我有一个问题要在Visual Basic中提高效率。我想做的是以下事情:

  • 我有一个包含100个.csv文件(以逗号分隔)的文件夹,这些文件有大约5000行和大约200列。列的顺序可能因一个文件而异,并且某些文件中缺少某些列。
  • 我的目标是创建一个大的.csv文件,该文件将所有100个.csv文件组合在一起,并带有我预先指定的选择列。
  • 这是我的处理方法:

    1. 创建一个数组,以将所需的列名存储在最终的“大.csv”中
    2. 浏览文件夹中的所有文件。对于每个文件,
    3. 对于文件中的每一行,请使用Split函数创建一个包含给定行的所有值的数组。
    4. 创建一个映射数组,为第一步中选择的每个列名称存储文件中列的位置(仅对每个文件的第一行执行此操作)
    5. 在文件(“大.csv”)中写入标头(仅执行一次)
    6. 在同一大文件中,针对每个文件的每一行,根据列的位置写入数据。

因此该过程运行良好,我得到了想要的结果,但是却很慢……(在我的计算机上,需要200分钟才能处理大约200个文件,该文件一次附加包含500,000行和200列。一位同事设法做到了一个类似的过程,使用R中的data.table包附加所有文件,并且他能够在5-10分钟内在同一台计算机上对相同的.csv表执行相同的附加操作) 我想知道是否有比“逐个单元”检查文件更好的选择?我可以从源文件中识别不需要的列,然后将其完全删除吗?是否具有将文件附加在一起而不是读取每个单元格然后将它们写回的功能?

在此先感谢您的帮助!

编辑:或者,是否存在另一种编程语言(Python?Power-Shell?)在处理这种文件时效率更高?

Edit2:有关为何我认为它运行缓慢的更多详细信息。

Edit3:与评论中要求的问题有关的一段代码:

'We loop through each file in the folder location
            For Each file As String In files

                Dim objReader As New System.IO.StreamReader(file)
                Dim fileInfo As New IO.FileInfo(file)

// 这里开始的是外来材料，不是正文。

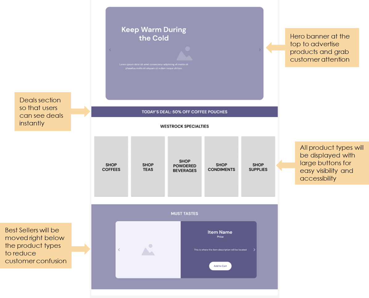 The content hierarchy of the “Shop for Business” webpage will be redesigned so that the actual products being sold are at the forefront of the page by repositioning certain sections and removing extraneous content. A visual hierarchy will also be established so that the best selling categories will have larger buttons for better user accessibility. Lastly, the stock photo-like images will be replaced with high-quality, web-optimized photos that showcase Westrock Coffee Company’s products in their truest form.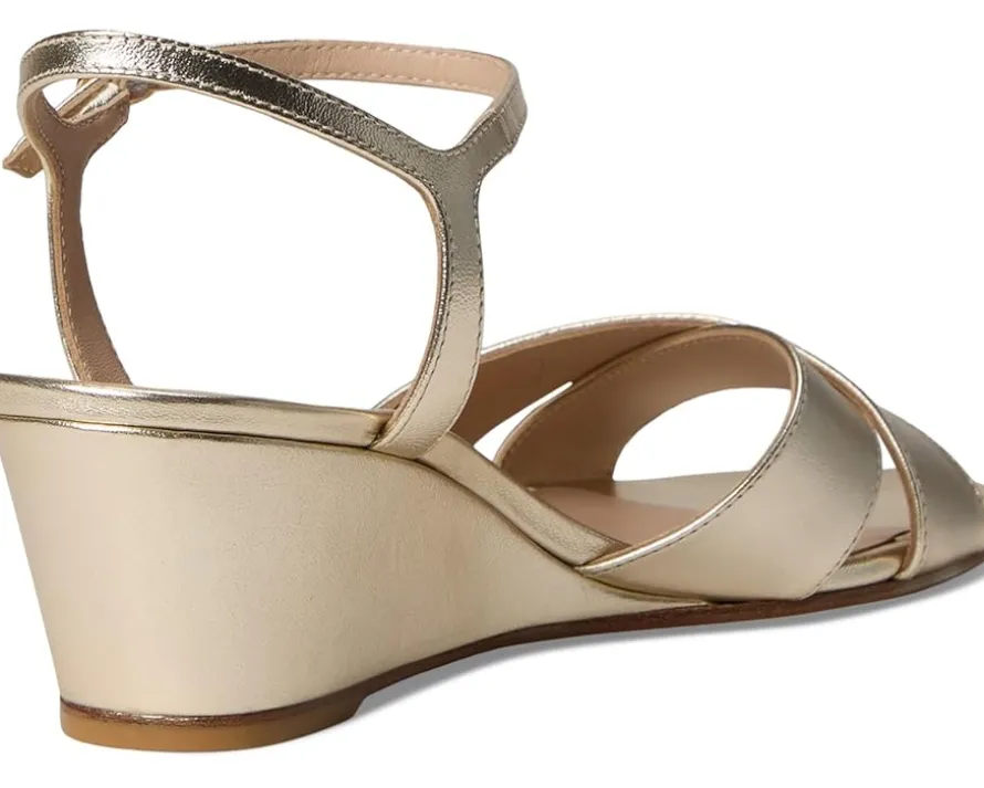 - Make a statement choosing the Stuart Weitzman® Dayna Demi Wedge heels. Crafted with stylish denim upper and luxe mestizo leather lining, these sandals are both fashionable and versatile. The leather insole offers premium comfort, while the open toe design adds a playful touch. Complete with wedge heels, these sandals will effortlessly elevate your look.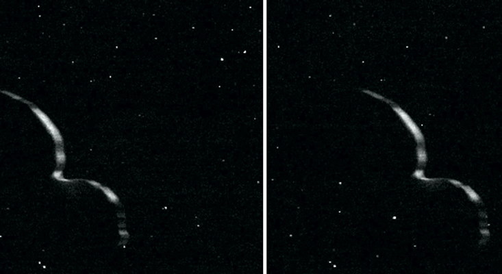 Before New Horizons arrived on Dec. 31, 2018, we knew essentially nothing about this object; it had been observed only as a dot in the dark by the Hubble Space Telescope. In the initial spacecraft images, Arrokoth seemed to resemble a 22-mile-tall snowman, with a smaller ball jammed onto a second, larger one. Then a day later, the spacecraft looked back on its target as it was speeding away, and the picture got more complicated.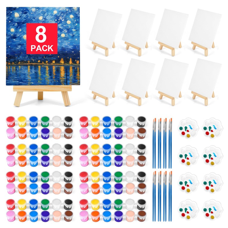 pomaylor 8 Pack 8 * 10In Canvas Boards for Painting, Art Canvas for Drawing with 16 Brushes & 8 Paint Trays & 16 Acrylic Paint, Mini Painting Canvas with Easel Set, Painting Kits for Adults & Kids Party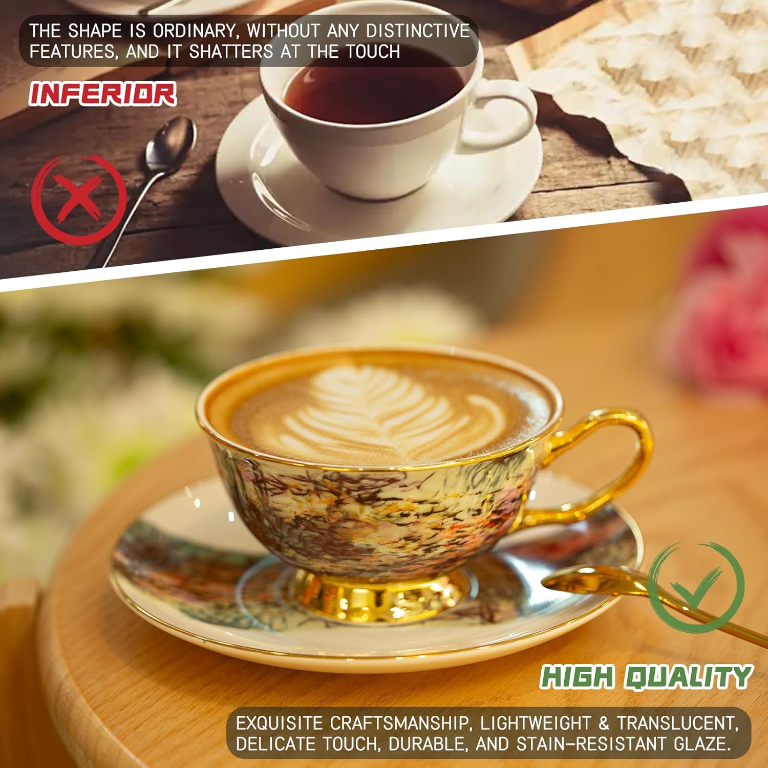 | Material Type | Premium Bone China, 45% Bone Ash, Kaolin & Yak Bone |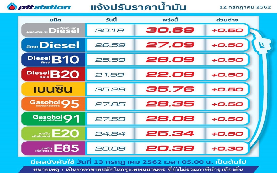 กรุงเทพฯ 12 ก.ค. – ปตท.-บางจากฯ ปรับราคาน้ำมันทุกชนิดขึ้น 50 สตางค์ต่อลิตร ยกเว้น E85 ขึ้น 30 สตางค์ต่อลิตร มีผล 13 ก.ค.นี้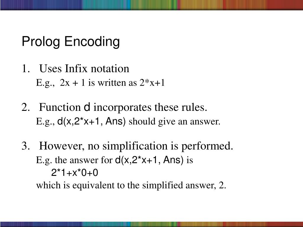 Prolog Encoding • Uses Infix notation E.g., 2x + 1 is written as 2*x+1 • Function d incorporates these rules. E.g., d(x,2*x+1, Ans) should give an answer. • However, no simplification is performed. E.g. the answer for d(x,2*x+1, Ans) is 2*1+x*0+0 which is equivalent to the simplified answer, 2.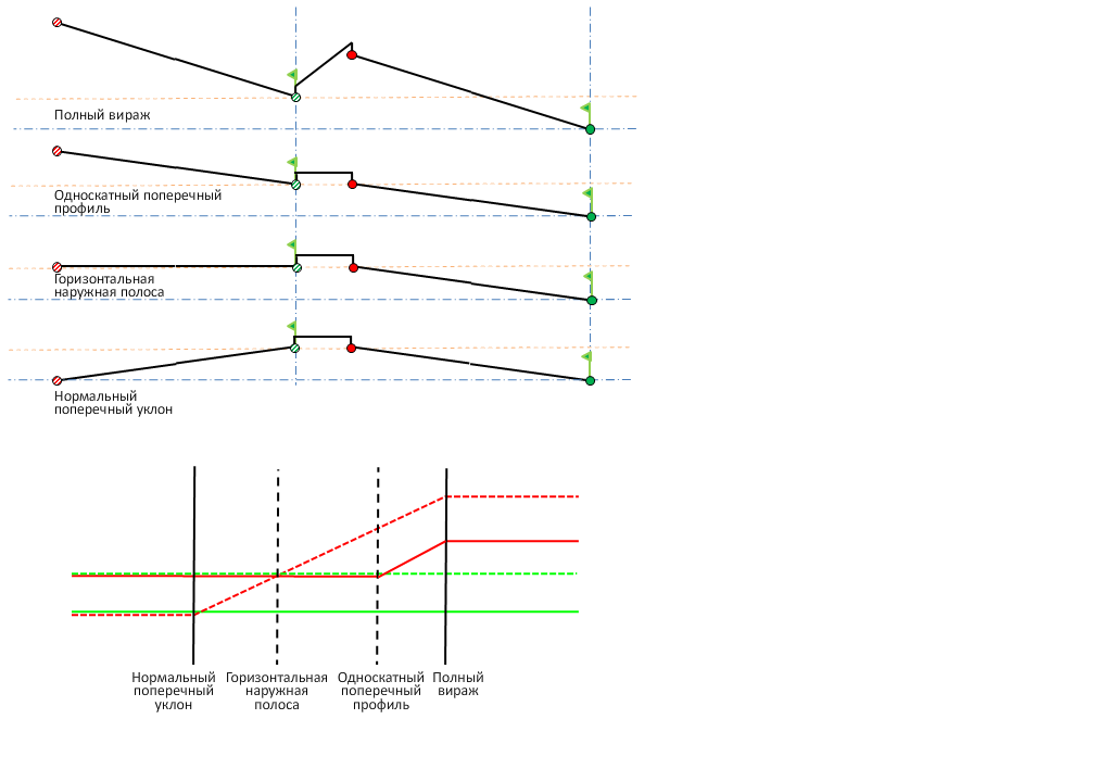 На следующей иллюстрации описан метод точки вращения во внутренней области кривой для односкатных дорог с разделительной полосой.

                'We only loop through the valid .rpt files
                If CheckValidRPTFile(file, True) = True Then

                    'Count the number of files we go through
                    temp_count = temp_count + 1

                    'Count the number of lines in the file (called FileSize)
                    Dim objReaderLineCOunt As New System.IO.StreamReader(file)
                    FileSize = 0
                    Do While objReaderLineCOunt.Peek() <> -1
                        TextLine = objReaderLineCOunt.ReadLine()
                        FileSize = FileSize + 1
                    Loop

                    temp_line = 1
                    'We loop through line by line for a given file
                    Do While objReader.Peek() <> -1

                        'We split into an array using the comma delimiter
                        TextLine = objReader.ReadLine()
                        TextLineSplit = TextLine.Split(", ")

                        'Skip some lines
                        If Strings.Left(TextLine, 1) = "*" Then

                            'We loop through the number of field we wish to extract for the file
                            For temp_field = 1 To HeaderNbOfField

                                If temp_field = 1 Then
                                    BodyString = "('" & Strings.Left(fileInfo.Name, Len(fileInfo.Name) - 4) & "',"
                                End If

                                'The array HeaderMapId tells us where to pick the information from the file
                                'This assumes that each file in the folder have same header as the 'HeaderFile'
                                If HeaderMapId(Is_MPF_Type, temp_field) = Is_Not_found Then
                                    BodyString = BodyString & "98766789"
                                Else
                                    BodyString = BodyString & TextLineSplit(HeaderMapId(Is_MPF_Type, temp_field) - 1)
                                End If


                                If temp_field <> HeaderNbOfField Then
                                    BodyString = BodyString & ","
                                Else
                                    BodyString = BodyString & ")"
                                End If
                            Next

                            'We replace double quotes with single quotes
                            BodyString = Replace(BodyString, """", "'")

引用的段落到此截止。